> Work to be completed
Everything from the line containing "Map of Bedford" through the last line of the data below is to be retyped exactly, apart from the pictures.

START Working data

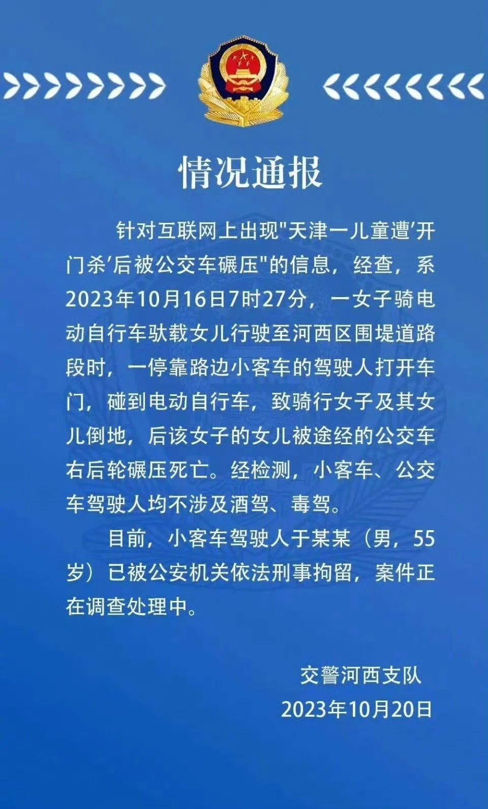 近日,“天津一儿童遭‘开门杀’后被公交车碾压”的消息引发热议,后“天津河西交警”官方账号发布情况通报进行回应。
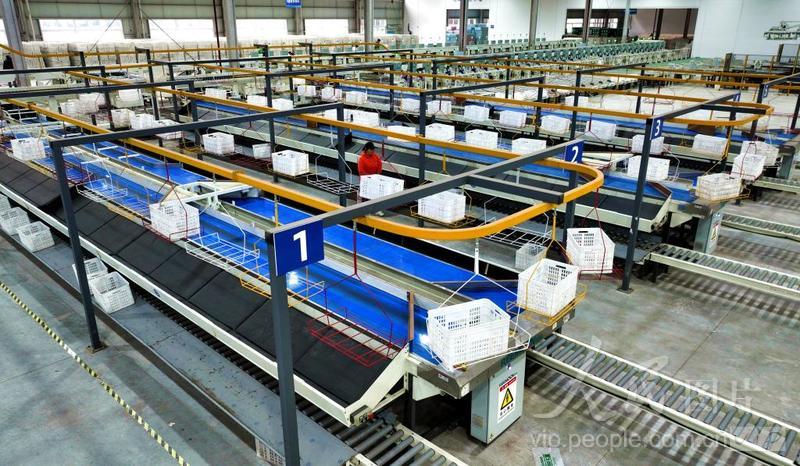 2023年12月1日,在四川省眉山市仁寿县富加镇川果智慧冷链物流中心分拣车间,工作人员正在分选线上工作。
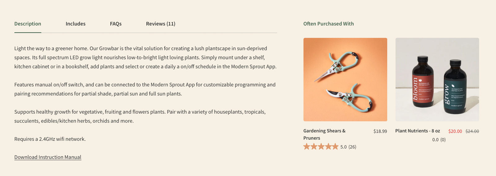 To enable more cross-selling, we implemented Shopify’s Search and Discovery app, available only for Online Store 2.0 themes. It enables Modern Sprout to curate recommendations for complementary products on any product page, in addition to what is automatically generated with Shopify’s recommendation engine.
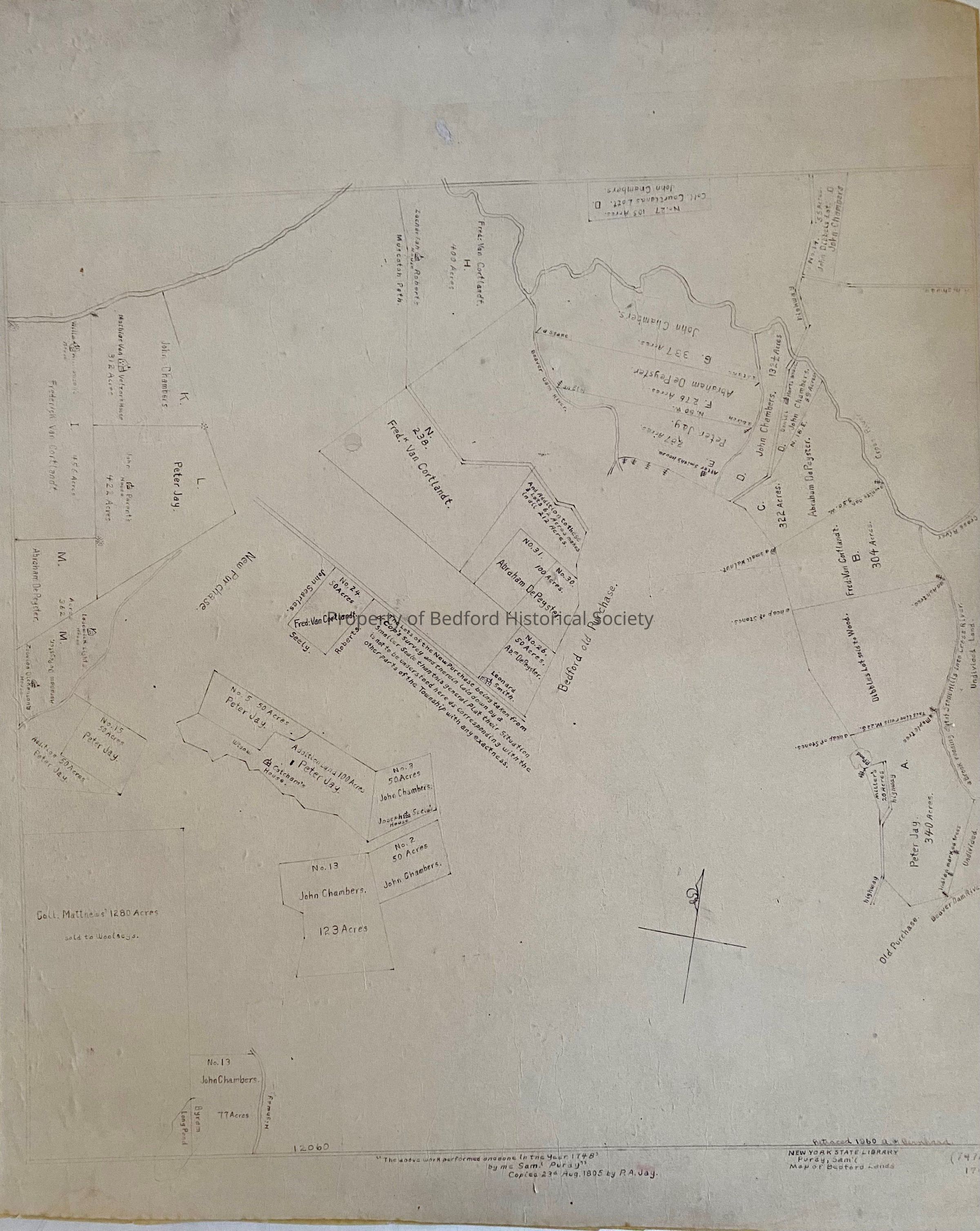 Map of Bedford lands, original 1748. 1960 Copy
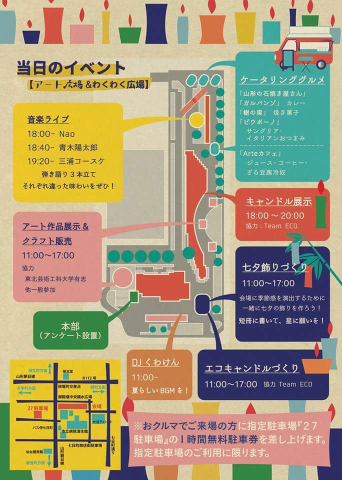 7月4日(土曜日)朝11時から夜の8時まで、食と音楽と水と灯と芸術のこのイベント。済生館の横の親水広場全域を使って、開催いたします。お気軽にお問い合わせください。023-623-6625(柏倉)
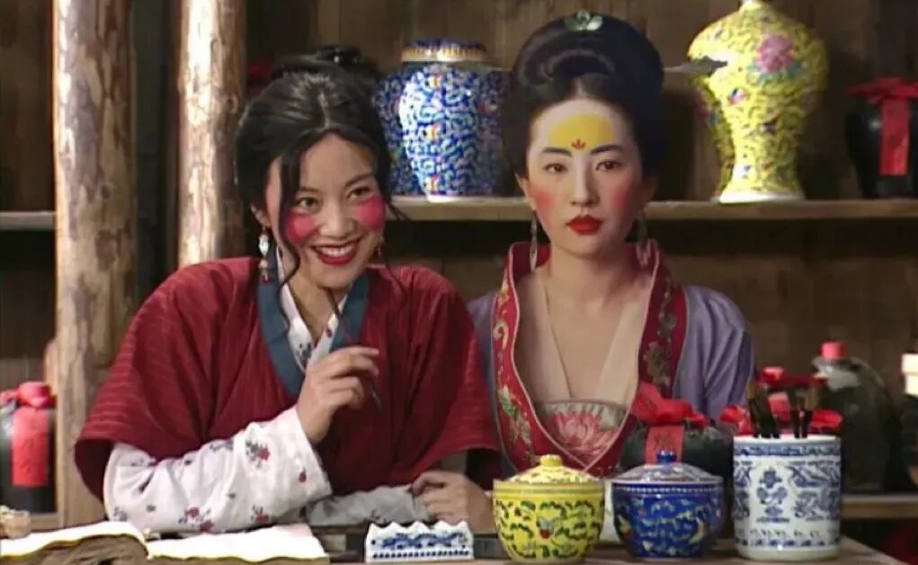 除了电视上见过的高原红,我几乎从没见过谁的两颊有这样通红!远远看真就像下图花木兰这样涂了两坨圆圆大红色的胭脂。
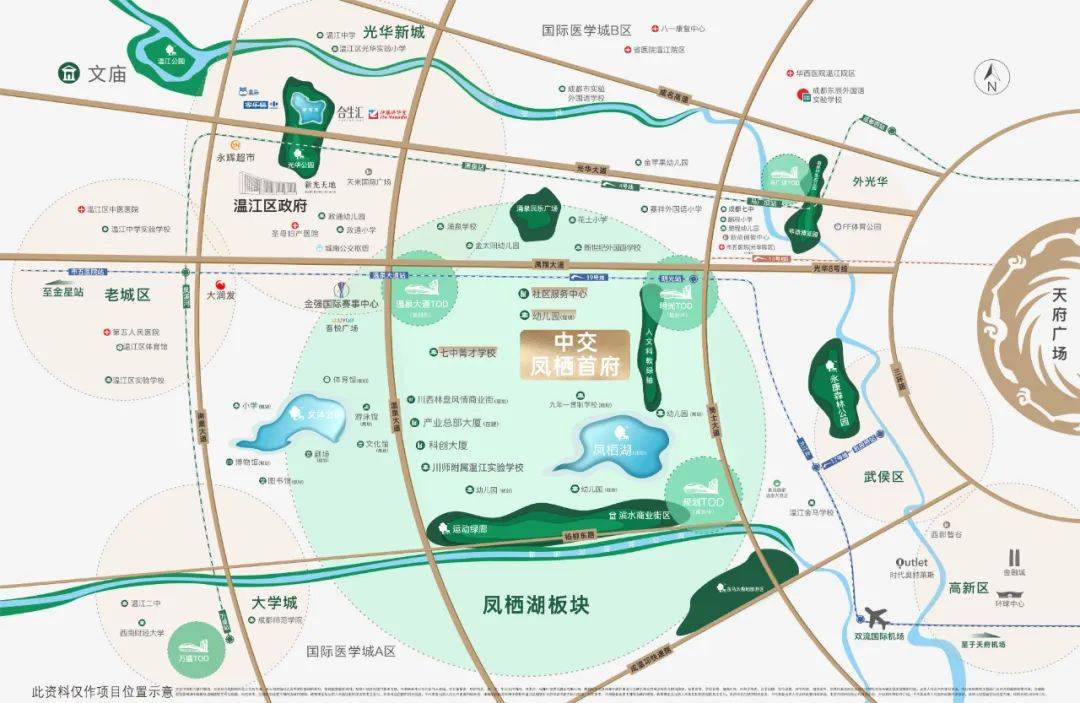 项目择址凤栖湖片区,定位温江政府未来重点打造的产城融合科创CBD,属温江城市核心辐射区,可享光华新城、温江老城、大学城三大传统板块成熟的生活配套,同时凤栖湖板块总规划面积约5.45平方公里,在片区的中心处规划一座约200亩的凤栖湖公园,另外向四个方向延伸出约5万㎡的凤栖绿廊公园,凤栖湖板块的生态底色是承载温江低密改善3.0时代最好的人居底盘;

END Working data

> Written answer
 Map of Bedford lands, original 1748. 1960 Copy
 7月4日(土曜日)朝11時から夜の8時まで、食と音楽と水と灯と芸術のこのイベント。済生館の横の親水広場全域を使って、開催いたします。お気軽にお問い合わせください。023-623-6625(柏倉)
 除了电视上见过的高原红,我几乎从没见过谁的两颊有这样通红!远远看真就像下图花木兰这样涂了两坨圆圆大红色的胭脂。
 项目择址凤栖湖片区,定位温江政府未来重点打造的产城融合科创CBD,属温江城市核心辐射区,可享光华新城、温江老城、大学城三大传统板块成熟的生活配套,同时凤栖湖板块总规划面积约5.45平方公里,在片区的中心处规划一座约200亩的凤栖湖公园,另外向四个方向延伸出约5万㎡的凤栖绿廊公园,凤栖湖板块的生态底色是承载温江低密改善3.0时代最好的人居底盘;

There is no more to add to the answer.